When charges are separated, a space is created where forces are exerted on the charges. An electric field is such a space. Depending upon the polarity of the charges, the force is either attractive or repulsive. Therefore, we can say that static charges generate an electric field. An electric field influences the space surrounding it. Electric field strength is determined in terms of the force exerted on charges. A capacitor is a reservoir of charge. The two parallel plates of a capacitor, when connected to a voltage source, establishes an electric field between the plates. The positive terminal, or pole of the voltage source will draw electrons from plate 1 whereas the negative pole will push extra electrons on to plate 2. Voltage across the capacitor will rise.

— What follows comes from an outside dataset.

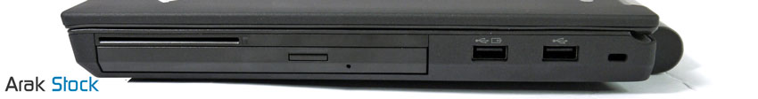 Right: smart card reader, optical drive, 2 x USB 2.0, Kensington lock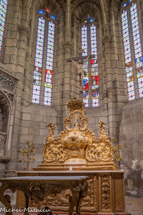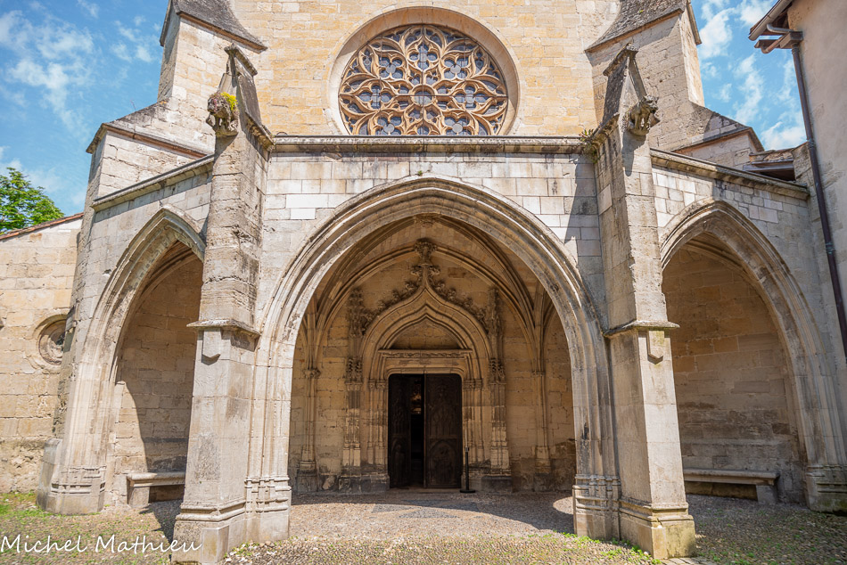 Le petit cloître. Situé au flanc Sud de l'église, le petit cloître est constitué d'une galerie voûtée de croisées d'ogive, éclairée de quatre baies flamboyantes sur chaque face. Si les motifs de remplages sont d'une grande variété, la structure de chaque face est semblable : aux angles, les contreforts sont de section réduite par rapport aux trois contreforts qui épaulent les deux grandes baies centrales à trois meneaux, les baies extérieures étant réduites à deux meneaux. Chaque contrefort se déploie en pinacle au-dessus des toitures.

The capacitor gets charged equal to the voltage of the source. The capacitance of a capacitor is a measure of its ability to store charge. The capacitance of a capacitor is increased by the presence of a dielectric material between the two plates of the capacitor.
A current-carrying conductor or a coil produces magnetic field around it. The strength of the magnetic field produced depends on the magnitude of the current flowing through the conductor or the coil. There is presence of magnetic field around permanent magnets as well.
A magnet is a body which attracts iron, nickel, and cobalt. Permanent magnets retain their magnetic properties. Electromagnets are made from coils through which current is allowed to flow. Their magnetic properties will be present as long as current flows through the coil.
The space within which forces are exerted by a magnet is called a magnetic field. It is the area of influence of the magnet.